PMML can be enhanced at a lot of (nearly all) elements. These enhancements are added as extensions to child-elements at the appropriate elements. Further information can be found on http://dmg.org/pmml/v4-3/GeneralStructure.html#xsdElement_Extension.

The XSD for an extension provides own elements:

<xs:element name="Extension">
  <xs:complexType>
    <xs:complexContent mixed="true">
      <xs:restriction base="xs:anyType">
        <xs:sequence>
          <xs:any processContents="skip" minOccurs="0" maxOccurs="unbounded"/>
        </xs:sequence> 
        <xs:attribute name="extender" type="xs:string" use="optional"/>
        <xs:attribute name="name" type="xs:string" use="optional"/>
        <xs:attribute name="value" type="xs:string" use="optional"/>
      </xs:restriction>
    </xs:complexContent>
  </xs:complexType>
</xs:element>


An example for an extension:

<DataField name="foo" dataType="double" optype="continuous">
  <Extension>
    <DataFieldSource sourceKnown="yes">
      <Source>derivedFromInput</Source>
    </DataFieldSource>
  </Extension>
</DataField>


General extensions should be defined for the header. An example for that is, that Kafka topics encapsulate data sources for each data schema. To bind to more than one topic, you could create unions with an optional number of topic elements, which serve as data sources.


<Header>
   <Extension>
      <KafkaTopics model="modelA">
         <Topic name="exampleTopic" />
      </KafkaTopics>
      <KafkaTopics model="modelB">
         <Topic name="exampleTopic2" />
         <Topic name="exampleTopicFoo" />
      </KafkaTopics>
   </Extension>
<!-- other Elements -->
</Header>

Structure

A possible access architecture might look like this:

The PMML document is loaded by an ACCESS operator (e.g. by a Kafka Topic) and runs through all necessary extensions to get all essential information. A mining operator, which gets the model as an input, can then pass on current models (if a new PMML is send over a Topic), without starting the query again. If a UNION operator is the prefix of a mining operator, you could access further Topics over a COMMAND operator in the future, as long as they don't change during runtime (this type of overloads can be defined in extentions). 

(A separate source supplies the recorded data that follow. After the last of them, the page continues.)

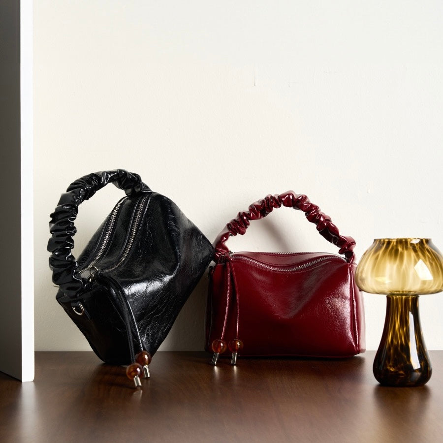 Elevate your daily style with our Genuine Leather Beaded Bento Box Bag. Crafted from top - grain cowhide, this medium - sized pillow tote features eye - catching beaded details and charming pleats. Its cylindrical shape, secured by a zipper, is both trendy and functional. The interior, lined with durable polyester - cotton, includes a hidden zipper pocket, a phone slot, and an additional compartment for organized storage. With dual straps, it’s perfect for everyday commuting, offering a blend of fashion and practicality.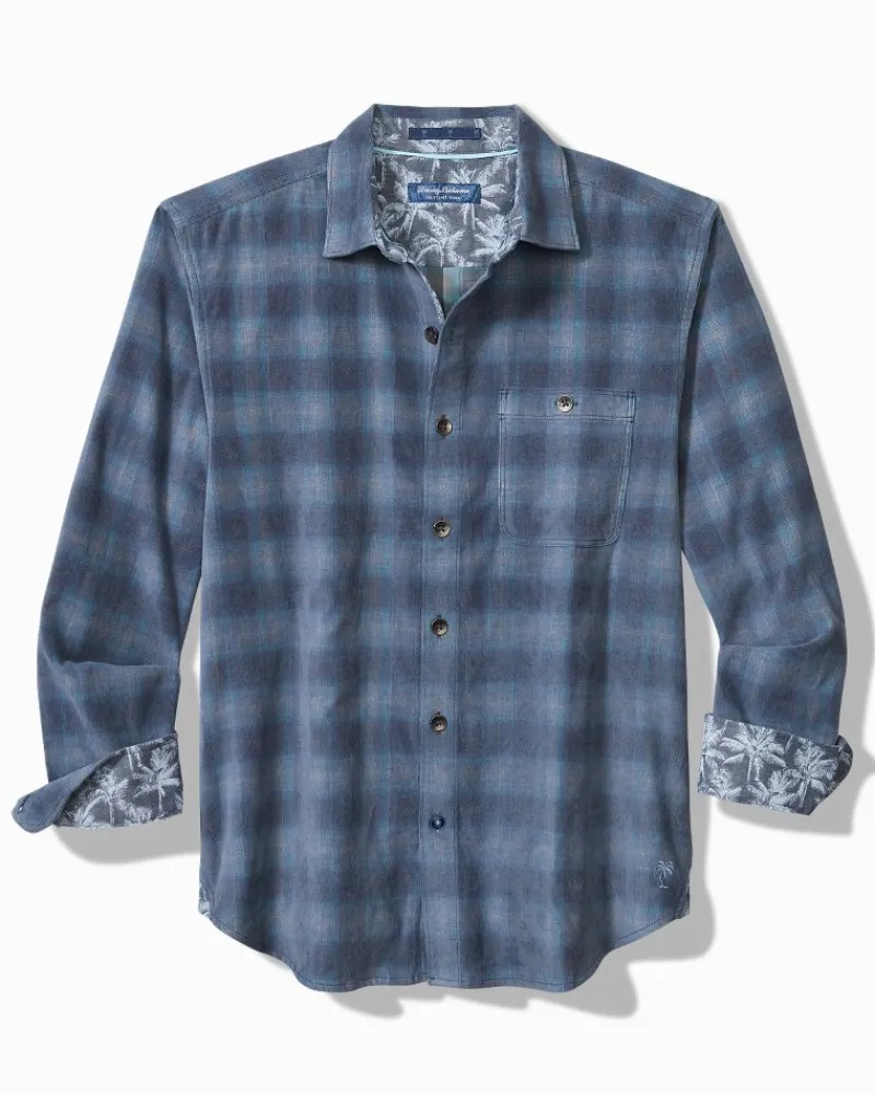 Tommy Bahama Coastline Cord Stretch Ombré Check Shirt Dockside Blue New
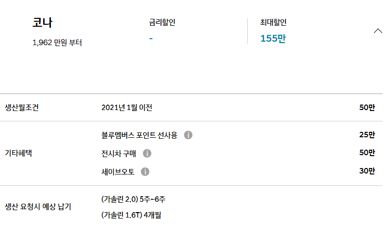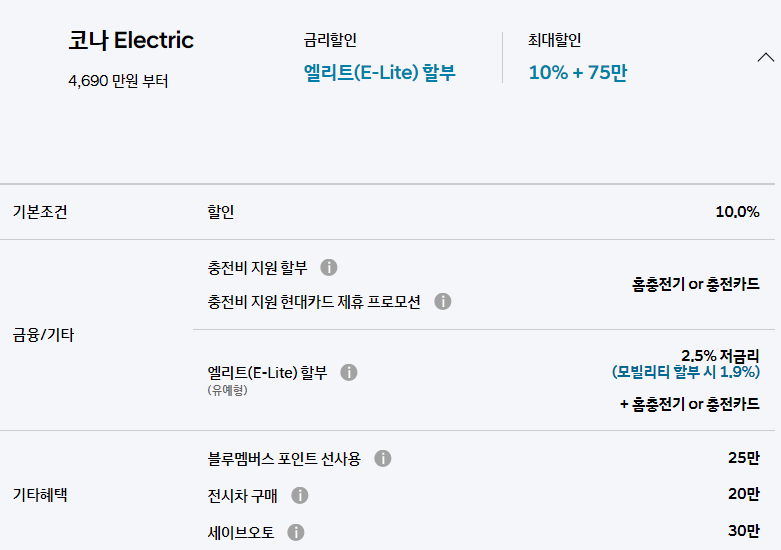 코나 일렉트릭, 전기차의 경우 기본 10% 할인을 보여줍니다.
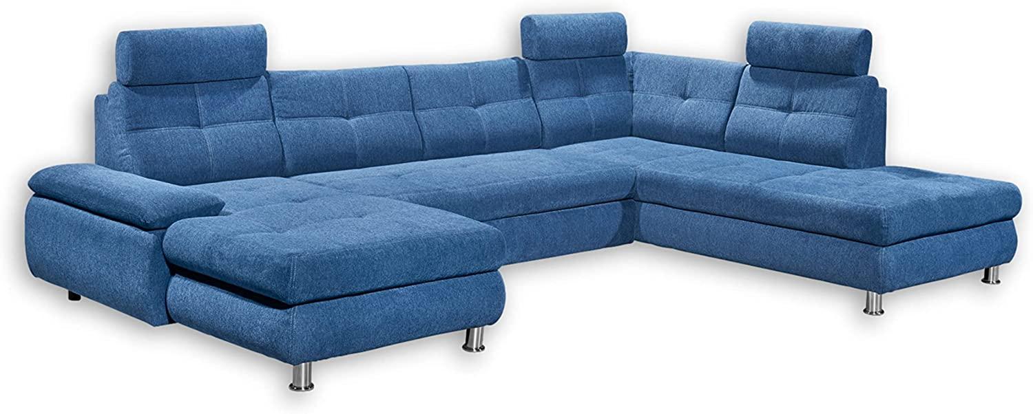 Wohnlandschaft mit Funktion ALBA. Stoff Brego 86, dark blue, 100% Polyester. Hochwertiges Holzwerkstoff-Gestell, Wellenunterfederung im Sitz, Schaumstoff im Rücken. Mittlere Sitzfestigkeit, silberfarbene Kunststofffüße. Echtstoff am Rücken, 1 Armteilverstellung, 3 variable Kopfstützen, Schlaffunktion, 1 Recamiere links, 1 Bettkasten, 1 Ottomane rechts/links bestellbar. **Highlights** - Armteilverstellung: Ermöglicht individuelle Anpassung - Schlaffunktion: Bietet zusätzlichen Schlafplatz - Bettkasten: Praktischer Stauraum für Decken und Kissen - Variable Kopfstützen: Für optimalen Komfort - Recamiere links: Flexibel platzierbar **Produkteigenschaften** - Bezug: Stoff Brego 86, dark blue, 100% Polyester - Polsteraufbau: Wellenunterfederung im Sitz, Schaumstoff im Rücken - Füße: Kunststoff, silberfarben - Ausstattung: Echtstoff am Rücken, 1 Armteilverstellung - Besonderheiten: 3 variable Kopfstützen, Schlaffunktion, 1 Recamiere links, 1 Bettkasten **Lieferumfang** 1 Wohnlandschaft ohne Dekoration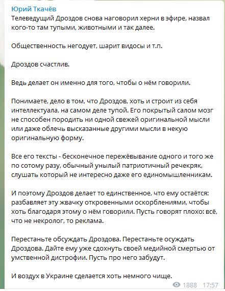 "Телеведущий Дроздов снова наговорил херни в эфире, назвал кого-то там тупыми, животными и так далее. Общественность негодует, шарит видосы и т. п. Дроздов счастлив. Ведь делает он именно для того, чтобы о нем говорили.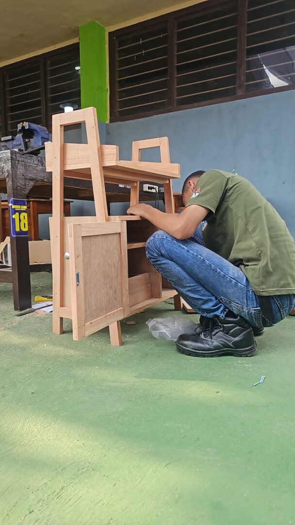 Teks Foto : Rivaldo Ilham siswa SMKN 1 Bukittinggi sedang membuat Cabinet Making pada lomba LKS di Universitas Lampung.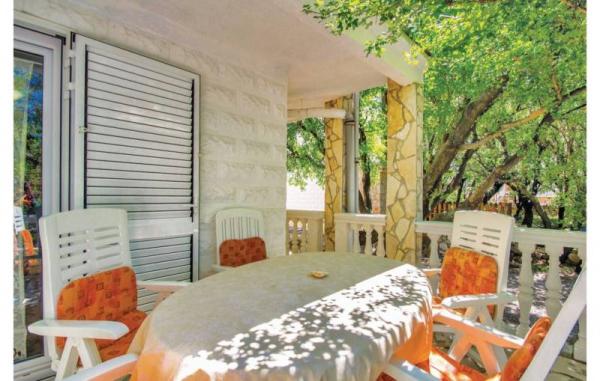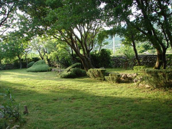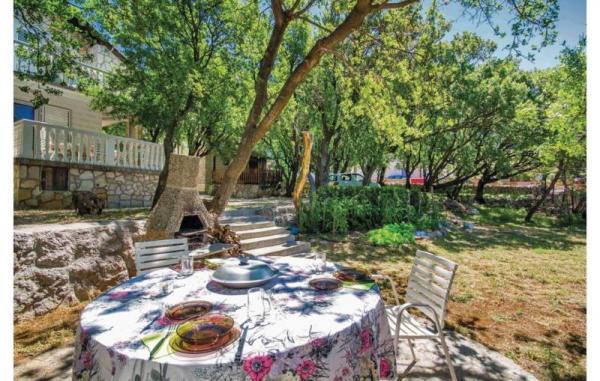 House Pećnik, categorized 3 stars, 110 m2 is situated in a large fenced yard (1100 m2), with lots of shade and only 400 meters from the sea. It is located in a small place Ribarica, at the foot of the Velebit mountain, 5 km north of Karlobag. Mediterranean climate, crystal clear sea, clean and clear blue sky with the galaxy, many etheric plants, natural rocky beaches and the environment almost untouched nature, offer a quiet and relaxing holiday. The house is rented to one group of guests and the owner is in another building so that guests have their peace and privacy. It consists of 4 bedrooms, 4 bathrooms, kitchen, living room, terrace, balcony and had a big garden with barbecue, table tennis and swings for children. Communication between the ground floor and the upper floor of the house was out. A lot of greenery around the house and fenced garden ideal for children's play and relaxing holiday.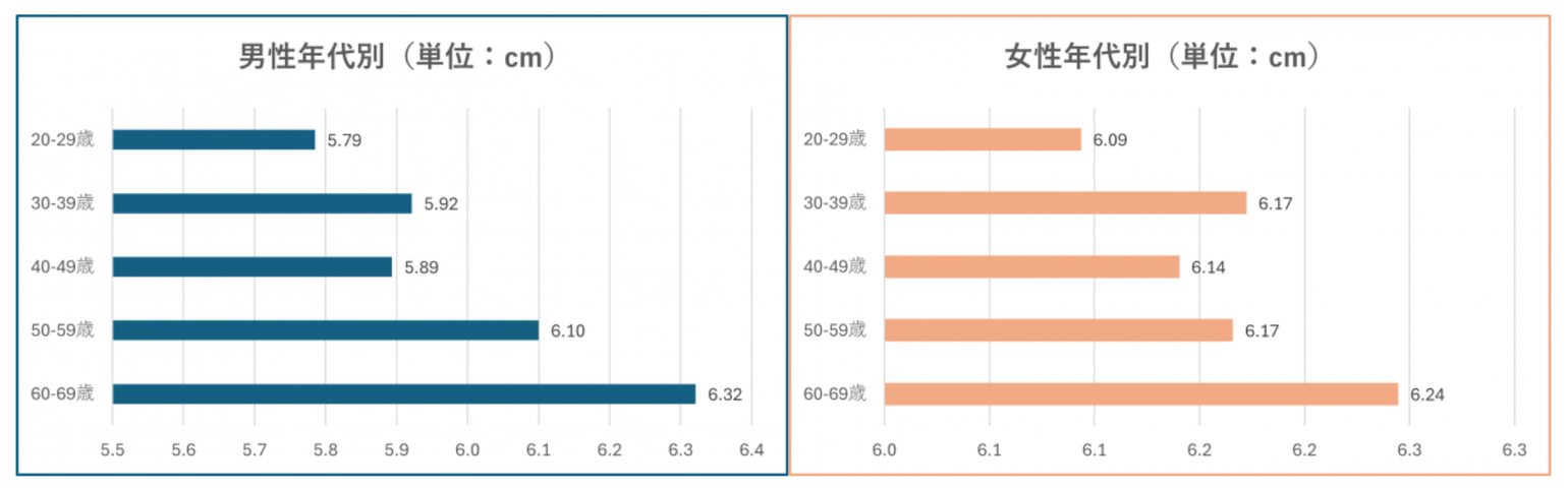 また、男女別で見ると、同じ20代でも薄毛の境界線で男性5.79cm、女性6.09cmと女性の方がハゲに寛容であることも分かりました。

Query of Mining Models (PMML)


Name

Query of Mining Models

ActorsSystem PG EStream, System PG DAvE
TriggerSystem PG EStream is started
Description

Existing PMML models can be requested by an Http query. The Http query contains the latest appropriate PMML model if the query was successful and there was at least one appropriate PMML specification in the Big Data Archive. If there is no model with this specification yet, this information is sent as a Http response.

Pre-Requirements
  1. If the Http interface is protected through authentication, a PG EStream user with enough rights to access the needed queries exists.
  2. Default PMML models exist and don't have to be commissioned.
  3. There has to be a query available, which enables the user to request all accessible processes/models.
Essential Steps
  1. PMML model is requested for appropriate PMML specification.
  2. Based on the PMML specification a hash is computed and and used to search through the Big Data Archive for the last appropriate PMML model.
  3. If the request was successful and there was at least one PMML model matching the declared PMML specification, it is returned as a response.
Exceptions

Model doesn't exist, because the query is not an arranged standard PMML model:

  1. If the PMML model is not (anymore) supported, then a matching error message should be returned.
  2. If the requested is supported, matching information should be returned, stating that currently no appropriate model exists but that a new one can be commissioned.
Post-RequirementsLatest PMML model is available in Http response.
Time Behaviourimmediately
UML

Execute PMML in Odysseus

Execute correct product:

  1. Either check out the Odysseus or EStream branch.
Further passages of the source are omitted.